Atom probe tomography APT

The constant progress made in nanoscience and its applications, nanotechnology, has only been possible thanks to the development of increasingly powerful analysis and imaging techniques. For a long time, nanostructures such as transistors, spin valves and LEDs were structured in two dimensions in increasing density on silicon substrates (wafers). Today, the nanoelectronics industry is faced with a major obstacle to the surface integration of nano-objects. A step forward has just been taken this year, 2013, with INTEL's launch of 3D technology, without which integration density can no longer grow. While two-dimensional analysis and imaging techniques are legion (secondary ion mass spectrometry, high-resolution electron microscopy, near-field techniques...), none, until the advent of the laser-assisted tomographic atom probe, made it possible to study the interfaces and chemistry of these new nano-objects on an atomic scale and in three dimensions.

The atomic probe is a fairly old instrument, born three times over.
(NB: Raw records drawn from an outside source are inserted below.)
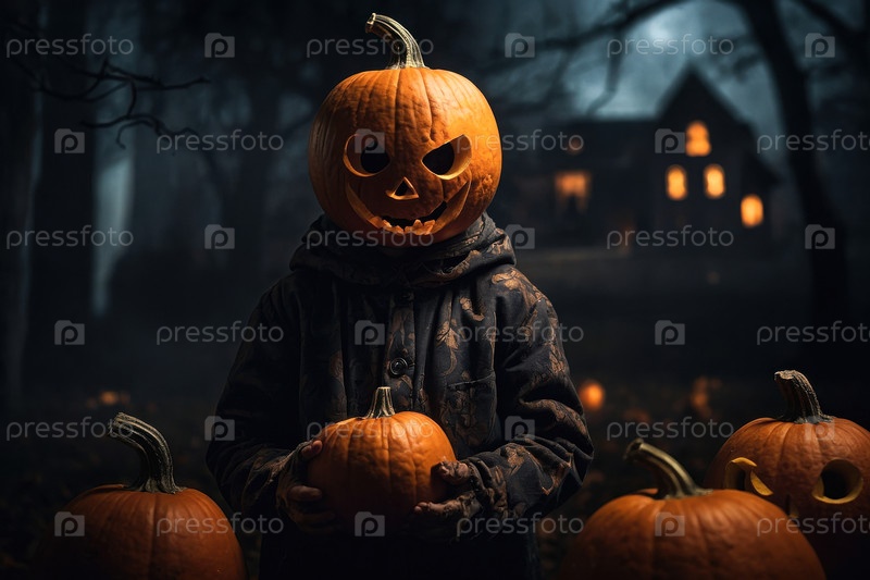 Генеративный мужчина с тыквой вместо головы на Хэллоуине пугающий фон леса
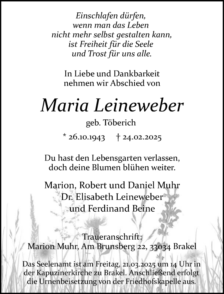 Hier finden Sie alle Traueranzeigen aus der Zeitung, die bisher für Maria Leineweber erschienen sind. Weitere Traueranzeigen, die in der Zeitung erscheinen, werden hier ebenfalls aufgelistet
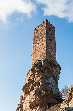 The castle stands on a large rock in the Vega de Zafra at an elevation of 1,400 metres (4,600 ft) in the Sierra de Caldereros. The upland area is characterised by sloping meadows interspersed with heavily-eroded sandstone outcrops, one of which is occupied by the castle.[3] It occupies the whole of the outcrop, which runs in a north-east to south-west alignment. A wall encloses the top of the outcrop, linking the entrance tower at the south-west end to the main buildings at the north-east end.[4] Traces of buildings – possibly part of an outer enclosure that might have incorporated structures such as stables or supply stores – can be seen in the meadow surrounding the castle.[5]
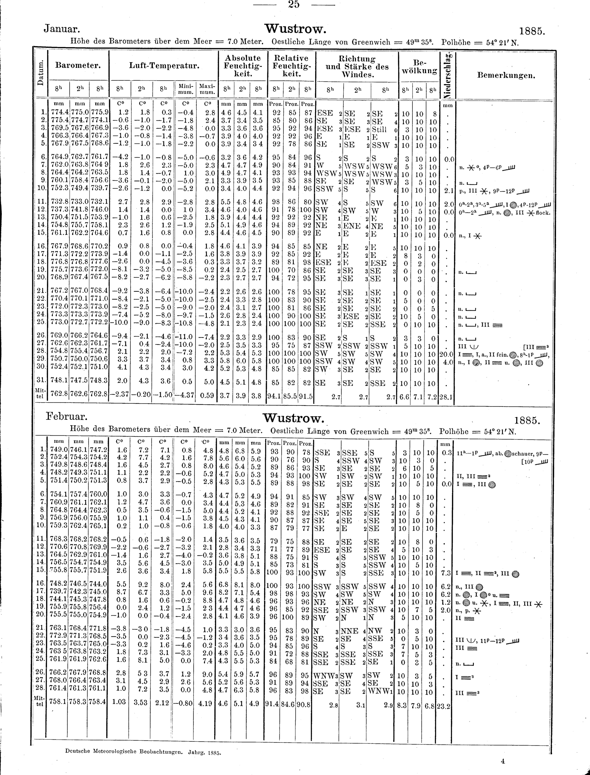 I. Theil: Meteorologische Beboachtungen in Deutschland, angestellt an 25 Stationen...
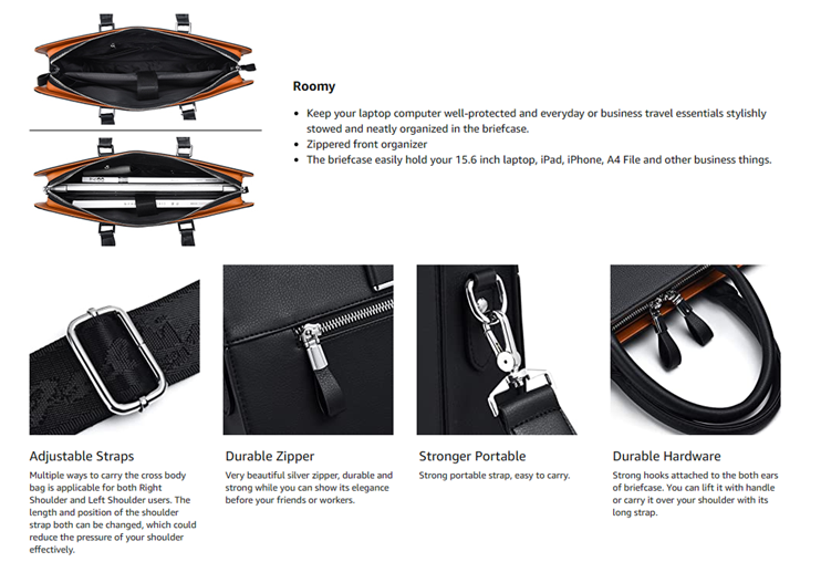 • Stylish -- Hand made by professional artisans. Can be used as lawyers briefcase, laptop bag, or hand carry functional briefcase. Classic design is perfect for business men and women.
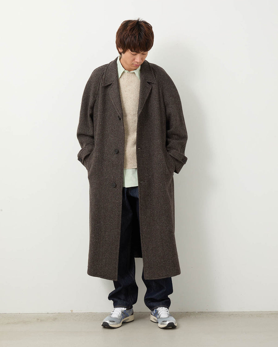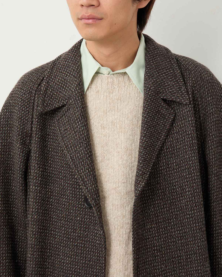 アルパカ混ならではの軽さと保温性が見事に融合し、クラシックな素材感を保ちながらも、暖かく軽やかな着心地を実現しています。

For a long time, it was limited to the study of metals. It has recently undergone a revolution, enabling it to be used on insulating and conducting materials. This has paved the way for 3D analytical imaging with sub-nanometer resolution.

This article describes the fundamental principles on which the technique is based, and the technologies developed over the last few years to produce the modern version of the instrument, following a number of ingenious developments in the field of nanoscience. Today, it is in the field of nanotechnology that the SAT tomographic atomic probe continues to be developed and to find varied applications on modern problems.